The father and Karen plan to open a holistic health center. Karen is a nurse. She believes in medicine. She also believes in alternatives to medicine. People don’t trust doctors. People are scared of anything artificial. They want massages and spas and yoga and meditation. The father insists the scientific evidence for mindfulness is piling up. “I’m talking improvements in relationships, better immune function, reduced depression and anxiety.”
Karen gives the narrator (I’m not sure the narrator or father are ever named) a book about mindfulness. He reads it. The book says, “The life we claim, the person we say we are, is a blend of fictions pulled from thin air and reactions to the prejudices and expectations of others.” The life we claim is artificial. Therefore bad. A true life, a true person, a good life, a good person comes from inside the individual. It is our job as individuals, each and every one of us, to block out external prejudice and expectation. Cut out influences from family, schools, jobs, culture, society. Do the work. Find out who we really are. That’s what the holistic health center is going to do.
Karen wants to heal people's bodies and minds, but she is disgusted by bodies. During a mindfulness class she can hear someone’s stomach grumbling and admonishes the attendees. Next time they need to eat breakfast before mediation class. Her marriage with the father ends around two incidents of body. The first when the father farts in the bathtub. Karen can’t believe he’d do something so gross. She won’t be in the same room with him. The marriage totally falls apart after the father gets skunked:
The stench on him did not diminish, but revealed new layers as we grew accustomed to the more patently repulsive notes, in a kind of inversion of the acquired pleasure connoisseurs claim to find in Scotch or cigars. Sulfur gave way to putrefaction, putrefaction to intestinal gas, but tinged with something musky and sweet, like opium gum. My father rolled down the front windows, but the cold air rushing in only blew the rot back in our faces. I closed my eyes and tried to concentrate on breathing through my mouth, but the odor clung to my palate and the inside of my cheeks. My father’s wife retched and clamored: ‘What are we going to do?’

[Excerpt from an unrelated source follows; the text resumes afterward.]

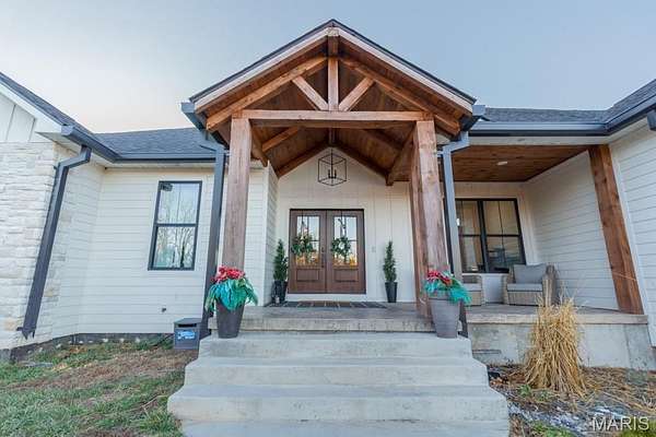 Nestled on approximately twelve acres at the edge of town, this modern farmhouse offers the perfect blend of space, privacy, and convenience. Designed with timeless farmhouse character and modern functionality, the home provides the freedom of country living while remaining just minutes from schools, shopping, and dining. It is a rare opportunity to enjoy acreage without sacrificing accessibility.

Father and son in crisis. Son gets dumped. Does poorly in school. He has no interests or ambitions. He sits in his apartment and listens to Iggy Pop, like scum. Father invests everything in the holistic health center. It fails. So does his marriage. No enchantment in love or entrepreneurship. Life has lost meaning. Two atomized individuals float through life, uninspired and melancholic. Newly divorced and no money. He moves in with his son. Father continues looking for enchantment, for meaning by entering a bodybuilding competition. The Body You Choose. Contestants take pictures, exercise for an amount of time, and take pictures again. The transformation is judged, not the final product. For the duration of the contest he has a purpose, meaning.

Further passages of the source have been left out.